CHOOSE THE RIGHT CONTACT SIZE

Anderson Power Products, the manufacturer of Powerpoles, makes hundreds of different connectors with ratings of up to 1000 amps.

The Powerpoles that most RC modelers use are Anderson #1327 PP15/45 housings with #1331 30-amp contacts. Many modelers don’t know that these housings accept three contact sizes that are rated as follows:

UNDERSTANDING AMP RATINGS

	THE RIGHT SIZE FOR THE RIGHT WIRE GAUGE:
	• 15 amps: for 16-20 gauge wire (contact #1332) • 30 amps: for 12-16 gauge wire (contact #1331) (most commonly used) • 45 amps: for 10-14 gauge wire (contact #261G2)
	Three contact sizes are available for standard   Anderson Powerpole housings used by  modelers. They are intended for use with  different wire gauges.

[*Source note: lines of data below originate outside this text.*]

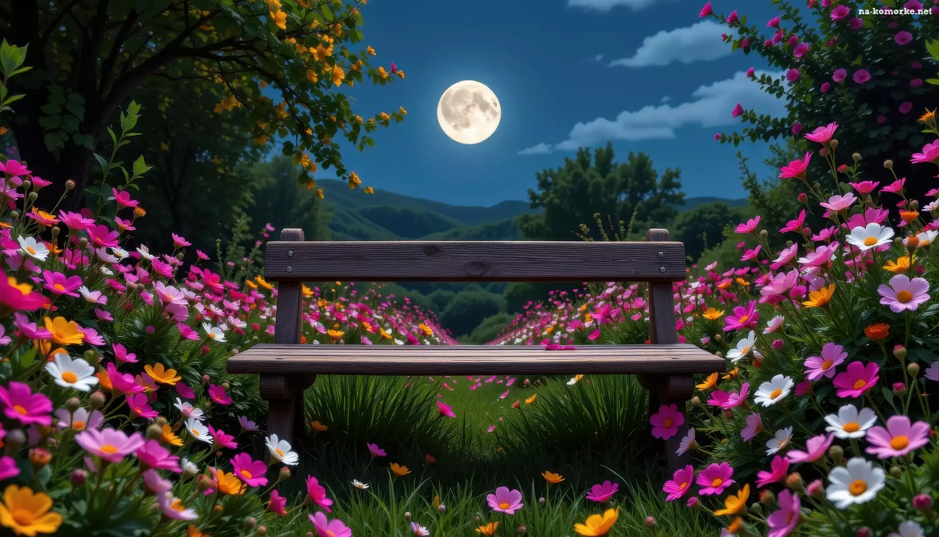 Ławka, Noc, Księżyc, Kwiaty, AI na Komórkę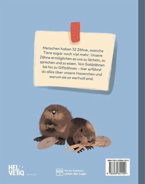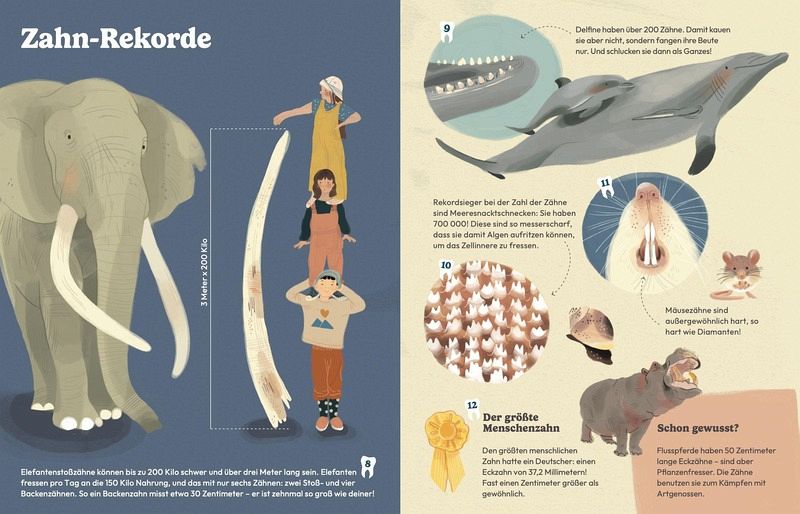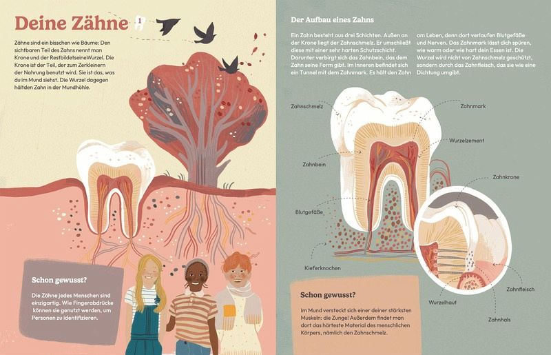 Wieso tragen einige Personen Zahnspangen? Oder was hat es mit den Wikingern und Karies auf sich? Welches Tier benutzt seine Zähne, um Gift in seine Beute zu injizieren? Und welches hat am meisten Zähne? Menschen haben 32 Zähne, einige Tiere sehr viel mehr. Wie Fingerabdrücke sind auch die Zähne jedes Individuums einzigartig. Jeder Zahn hat seine eigene Funktion und entsprechend seine eigene Form und Eigenheiten. Zähne helfen uns beim Lächeln, beim Sprechen und beim Schlucken. Beim Menschen wachsen sie zwei Mal, bei Haifischen bis zu 30 000 Mal!Dieses Buch vermittelt, wieso Zähne so wichtig sind und wie man sie am besten pflegen kann. Ein spielerischer Zugang zu Zähnen und Zahnpflege, der die Angst vor dem nächsten Zahnarztbesuch nimmt.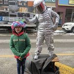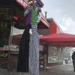 Downtown visitors strolling past Gift Basket World were greeted by a stilt-walker, who kept his balance amid occasional wind gusts, and a space suit-clad “living statue,” both portrayed by entertainers from Akron, Ohio. Balloon sculptures also were available.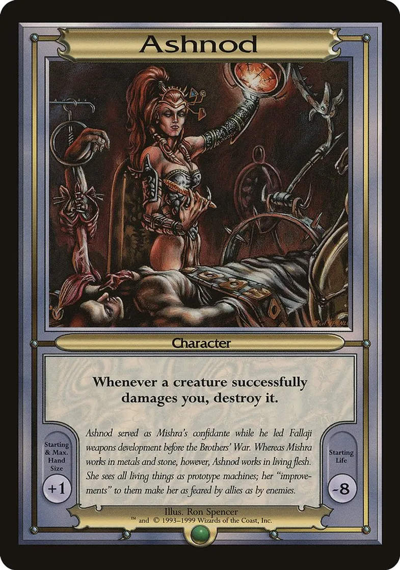 | Flavor Text | Ashnod served as Mishra’s confidante while he led Fallaji weapons development before the Brothers’ War. Whereas Mishra works in metals and stone, however, Ashnod works in living flesh. She sees all living things as prototype machines; her “improvements” to them make her as feared by allies as by enemies. | ||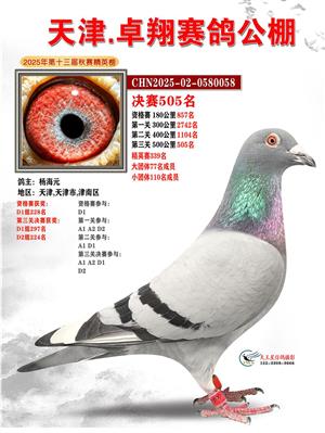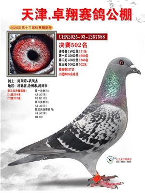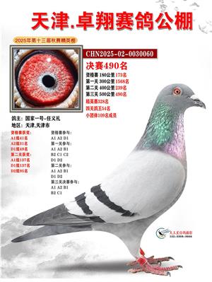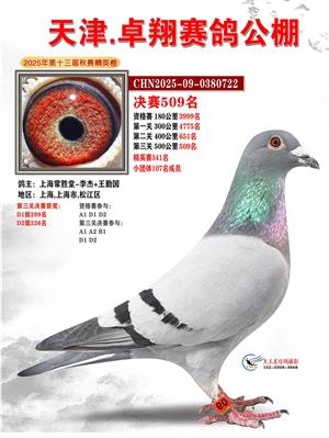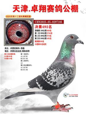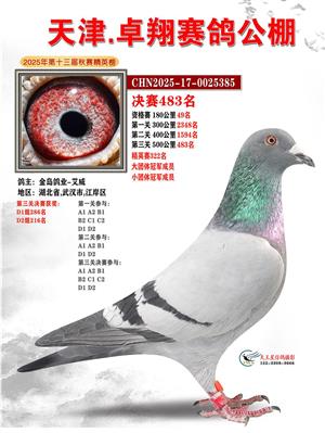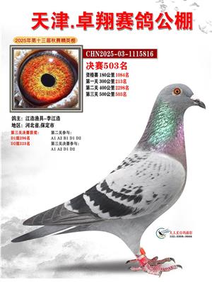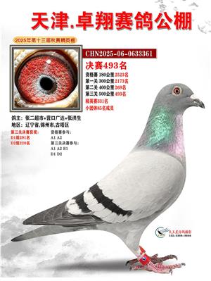 天津卓翔公棚2025年决赛获奖鸽照片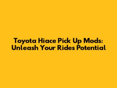 Toyota Hiace Pick Up Mods: Unleash Your Ride's Potential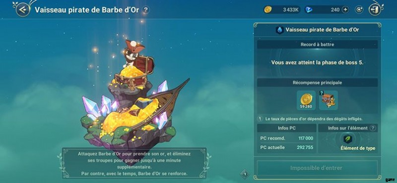 - 金ひげの海賊船 :この強化ダンジョンでは、金ひげを数回倒してレベルを上げ、より多くの報酬を獲得する必要があります。たとえば、フェーズ 5 では、約 60,000 ゴールドと、シャイニー コインまたはコケを入れることができるチェストを獲得します。このダンジョンは 1 日 1 回無料でクリアできます。

The 30-amp size contact, often used by competition F5B and 3D electric pilots, are often flown at well over 75 amps. These aircraft fly with limited full-throttle motor runs and therefore limited heating. Powerpole-insulated housings use a high temperature plastic, UL94 V-0, and the floating contact connector design allows air to flow through the connector housing, which assists in cooling.
An Anderson engineer told me that 30-amp connectors would not fail in sustained use until over 200 amps—I believe it. The actual rating for a 30-amp Powerpole is for a 30° Celsius (54° Fahrenheit) temperature rise at 30 amps (and 110 volts) using 12-gauge wire. This temperature rise spec is published in the National Electrical Code for building wiring and is more of a wire gauge rating than it is a connector rating. The power level noted in that standard is 3,300 watts. There should be no problem flying an F5B airplane at 150 amps with limited motor runs of only a few seconds, or a giant scale 3D airplane at a continuous 60 amps.

ASSEMBLING POWERPOLES

Now let’s look at how to use Powerpoles.

Choose the size contact that fits the wire you plan to use. E-flight models generally use 12 to 18-gauge wire (the lower number is the heavier wire). While we are on the subject of wire, it seems that some modelers use lighter gauge wire than is appropriate for the current being drawn. Although this may be in an effort to save weight, a heavier wire might actually provide improved performance. The popular 30-amp (12 to 16-gauge) size of Powerpole contacts fit in the same housings as the 15 and 45, and the assembled connectors mate regardless of which contacts are used. The only real difference between the contacts is the size of wire that they accept. The 15-amp contacts are made for 16 to 20-gauge, but I often use the smaller wire in these larger contacts by doubling the wire over two or three times. If you are going for a really big motor using 10-gauge wire, you must use the 45-amp contacts, which cannot easily be soldered.

CRIMPING BENEFITS

Most RC connectors must be soldered together. Powerpoles may be soldered or crimped. Crimping takes only a fraction of the time and, if done well, provides an electrical connection that is superior to what can be achieved by the vast majority of modelers using solder. This one advantage could save an electric modeler many hours of time over a year. Another advantage: Shrink tubing is not needed with Powerpoles or Zero Loss connectors. To prevent shorts, several of the other brands require heat shrink tubing insulation to cover the solder joints on the backs of the connectors.